The macroeconomic environment will again be the primary driver for agriculture futures this week.

The U.S. Federal Reserve introduced a massive stimulus package last night including 100bps of rate cuts, $700B in QE4 bond buying, new repurchase and credit facilities, and new US dollar central bank swap lines.

The Fed's goal is to increase liquidity, lower the cost of money, backstop markets, and boost investor confidence. 

Under normal circumstances this Fed bazooka would weaken USD and drive up inflation expectations (good for agriculture prices), but today we're seeing overwhelming Covid-19 risk-off trading: US stock futures are locked limit down, US treasury rates and bonds are rallying (lower yields), crude oil -5.0%, U.S. dollar weaker, Gold firmer. Most ag futures are down ~1% in the overnight session.

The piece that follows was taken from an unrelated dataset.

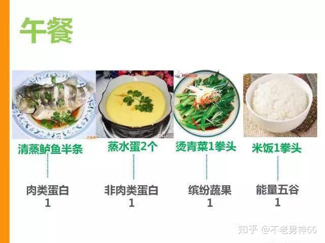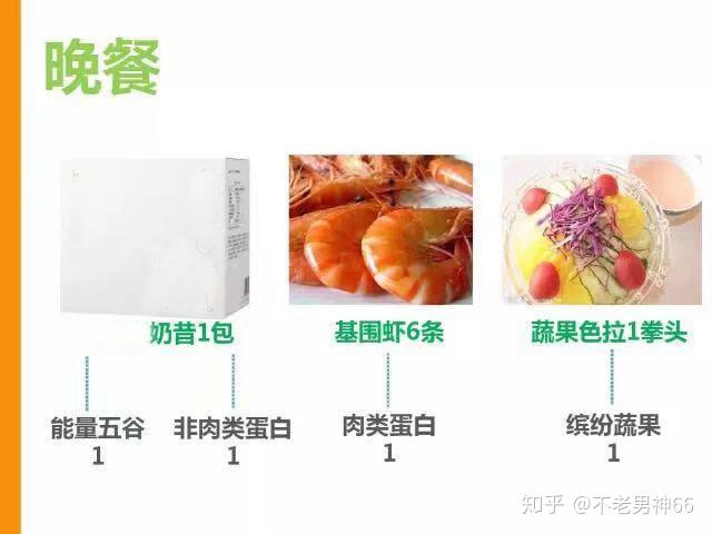 奶昔1包(取代主食),吃些肉类、海鲜之类的弥补优良卵白,或者是果蔬沙拉(沙拉选低脂的),吃7、8分饱就可!

For our agriculture futures markets, there are no macro positives to point to today. Correlations to major macro indices are strongly positive (many in the upper 1st percentile), which is dragging our markets lower.

Other non-fundamental inputs for agriculture markets are mixed: 

  • Price seasonals remain broadly negative until mid-April (U.S. planting risk).

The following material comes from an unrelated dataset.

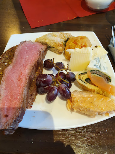 Read moreWir waren zum Brunch dort an einem Sonntag. Es war das zweite Mal und wir haben gedacht wir geben dem Lokal nochmal eine Chance. Am Service gibt es nichts auszusetzen, aber das Buffet war wieder nix besonderes.Die Brötchen schmeckten fade, ich hatte ein Roggenbrötchen, die Kruste schmeckte irgendwie"chemisch". Kann es gar nicht beschreiben. Gegen Aufbacken ist ja nix zu sagen ,aber da gibt es sicher bessere. Körnerbrötchen gab es nur wenige und waren schnell "vergriffen". Die Blätterteigteilchen schmeckten nur nach Blätterteig, von der Brokkoli oder Käsefüllung merkte man nix. Dazu Scheibenwurst und Käse,Marmelade und Nutella. Da kann man nix falsch machen. Das Roastbeef (?), war ziemlich blutig und sah nicht ansprechend aus. Als warmes Gericht hätte ich mir eine Suppe und Geschnetzeltes gewünscht. (Es gab In einer Form gemischtes Gemüse aus dem Ofen (?).) Beim Rührei hätte ich noch gerne etwas Schnittlauch oder so darin gehabt. Da fehlte der Pepp.Frisch gepresster O-Saft wäre auch schön gewesen. Für das Geld hatte ich schon viel abwechslungsreicher und besser gegessen. Alles in allem kein ansprechendes Buffet. Ist aber alles Geschmackssache. (Ich hätte da einige Ideen,die man mit wenig Aufwand umsetzen könnte.) Das Personal ist aber sehr nett, alles war sauber, auch die Toiletten. Kann das Lokal leider nicht weiter empfehlen , obwohl die...

  • Market structure is a ~neutral input overall, hedge funds still have room to sell. 

  • Momentum CTA traders are the shortest they've been in 24 months.

What Matters This Week:

Investors want to see how markets react to the Fed's emergency policy measures. Nine other central banks are also scheduled for this week including the RBA, RBNZ, and BoJ. Investors want to see more aggressive monetary and fiscal backstop efforts.

The gamma on reported Covid-19 cases isn't slowing, new cases are approaching ~200k.

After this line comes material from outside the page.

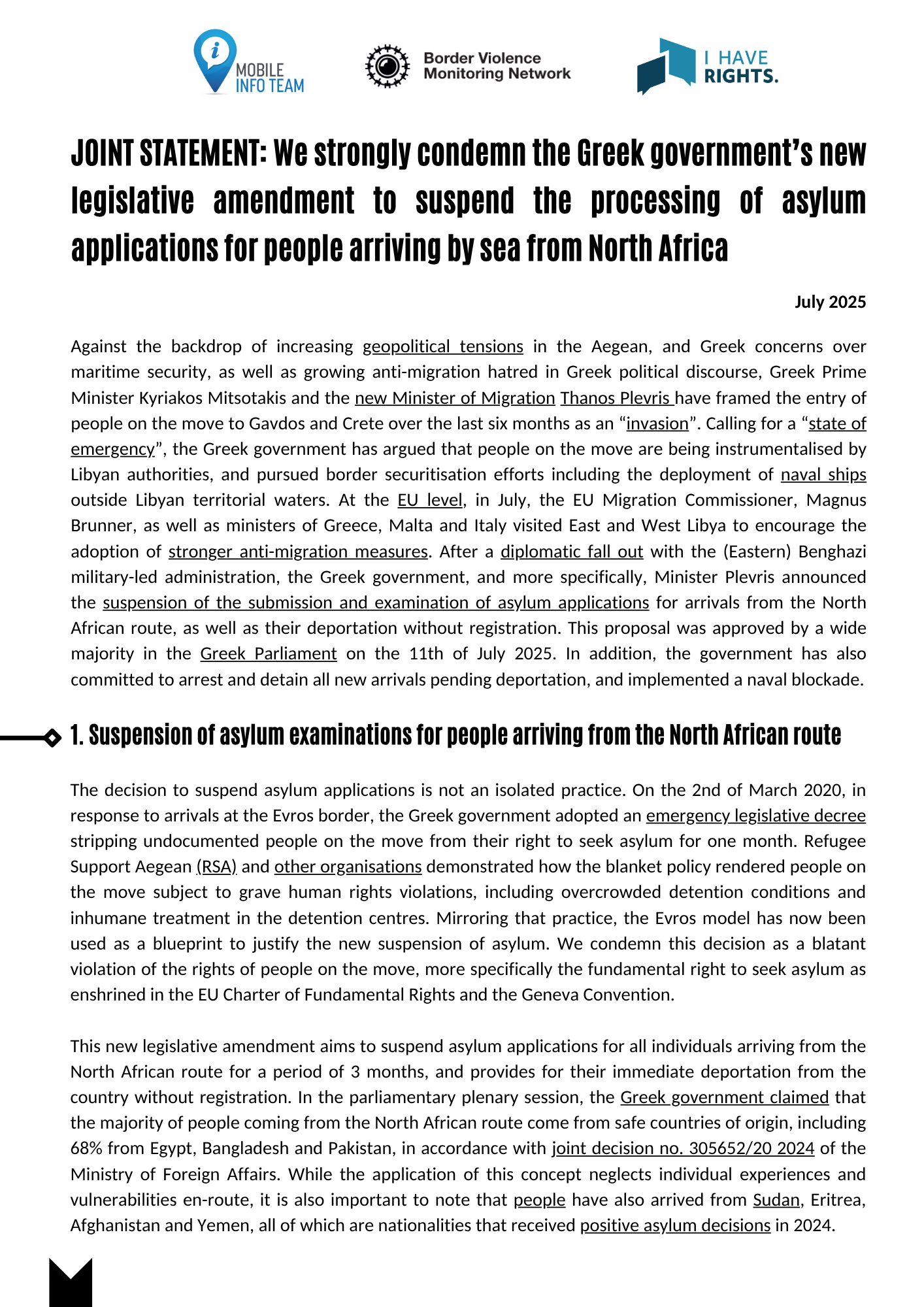 On the 9th of July, Greece’s new Minister of Migration and Asylum, Thanos Plevris, announced the suspension of the submission and examination of asylum applications for arrivals from the North African route, as well as their deportation without registration. This proposal was approved by a wide majority in the Greek Parliament on the 11th of July 2025. In addition, the government has also committed to arrest and detain all new arrivals pending deportation, and implemented a naval blockade.

Economic data matters less this week with all the central bank noise. That said, it's worth noting China's Feb manufacturing, retail sales, and investment numbers cratered this morning.

It's another week to be very careful with long futures positions in agriculture futures. A firmly negative macro environment combined with negative March price seasonals points to further downside for our markets. 

Chart of the Week: Strong risk-off trading continues today despite the U.S. Fed’s historic stimulus measures last night. This matters for agriculture markets: correlations between macro indices and ag futures have risen significantly over the past two weeks. The macro environment is a strong negative headwind for commodities today.

For a trial of our industry-leading agriculture research, reach out to us: insight@peaktradingresearch.com.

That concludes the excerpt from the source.